‘It’s time we went home, Sue,’ Gavin said.
‘Of course it isn’t, Gavin.’
‘Polly –’
‘You’re nice, Gavin.’
He shook his head. He whispered to her, explaining that Polly wouldn’t ever be a party to what was being suggested. He said that perhaps they could meet some time, for a drink or for lunch. He would like to, he said; he wanted to.
She smiled. That night in the Ritz, she murmured, she hadn’t wanted to be a blooming angel. ‘I wanted you,’ she murmured.
‘That isn’t true.’ He said it harshly. He pushed her away from him, wrenching himself free of her arms. It shocked him that she had gone so far, spoiling the past when there wasn’t any need to. ‘You shouldn’t have said that, Sue.’
‘You’re sentimental.’
He looked around for Polly and saw her dancing with a man who could hardly stand up. Some of the lights in the room had been switched off and the volume of the tape-recorder had been turned down. Simon and Garfunkel were whispering about Mrs Robinson. A woman laughed shrilly, kicking her shoes across the parquet.
Sue wasn’t smiling any more. The face that looked up at him through the gloom was hard and accusing. Lines that weren’t laughter-lines had developed round the eyes: lines of tension and probably fury, Gavin reckoned. He could see her thinking: he had led her on, he had kissed the top of her head. Now he was suggesting lunch some time, dealing out the future to her when the present was what mattered. He felt he’d been rude.
‘I’m sorry, Sue.’
They were standing in the other dancers’ way. He wanted to dance again himself, to feel the warmth of her small body, to feel her hands, and to smell her hair, and to bend down and touch it again with his lips. He turned away and extricated Polly from the grasp of the drunk who had claimed to love her. ‘It’s time to go home,’ he said angrily.

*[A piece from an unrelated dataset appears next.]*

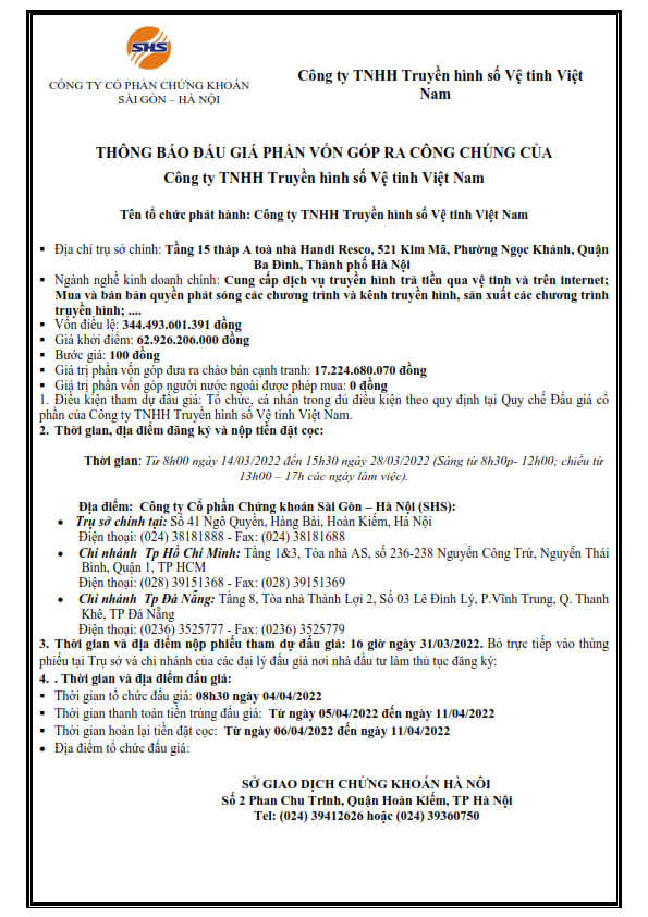 Thông báo bán đấu giá cp của Công ty TNHH Truyền hình số Vệ tinh Việt Nam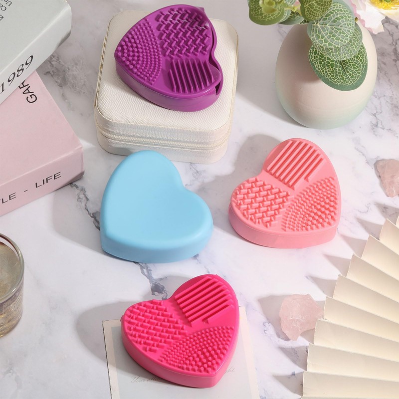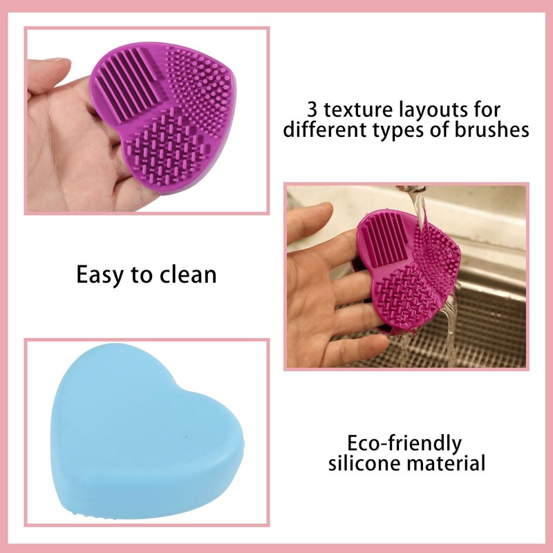 FREEBLOSS 4 x Reinigungspad Für Make Up Pinsel. Silikon Reinigungspad In Herzform Rosa Blau Rosa Lila 3.2" x 3" x 1"

‘You’re never going, old Gavin,’ Malcolm protested in the hall. ‘I’ll run Poll home, you know.’
‘I’ll run her home myself.’
In the car Polly asked what had happened, but he didn’t tell her the truth. He said he’d been rude to Sue because Sue had said something appalling about one of her guests and that for some silly reason he’d taken exception to it.
Polly did not believe him. He was making an excuse, but it didn’t matter. He had rejected the game the Ryders had wanted to play and he had rejected it for her sake. He had stood by her and shown his respect for her, even though he had wanted to play the game himself. In the car she laid her head against the side of his shoulder. She thanked him, without specifying what she was grateful for.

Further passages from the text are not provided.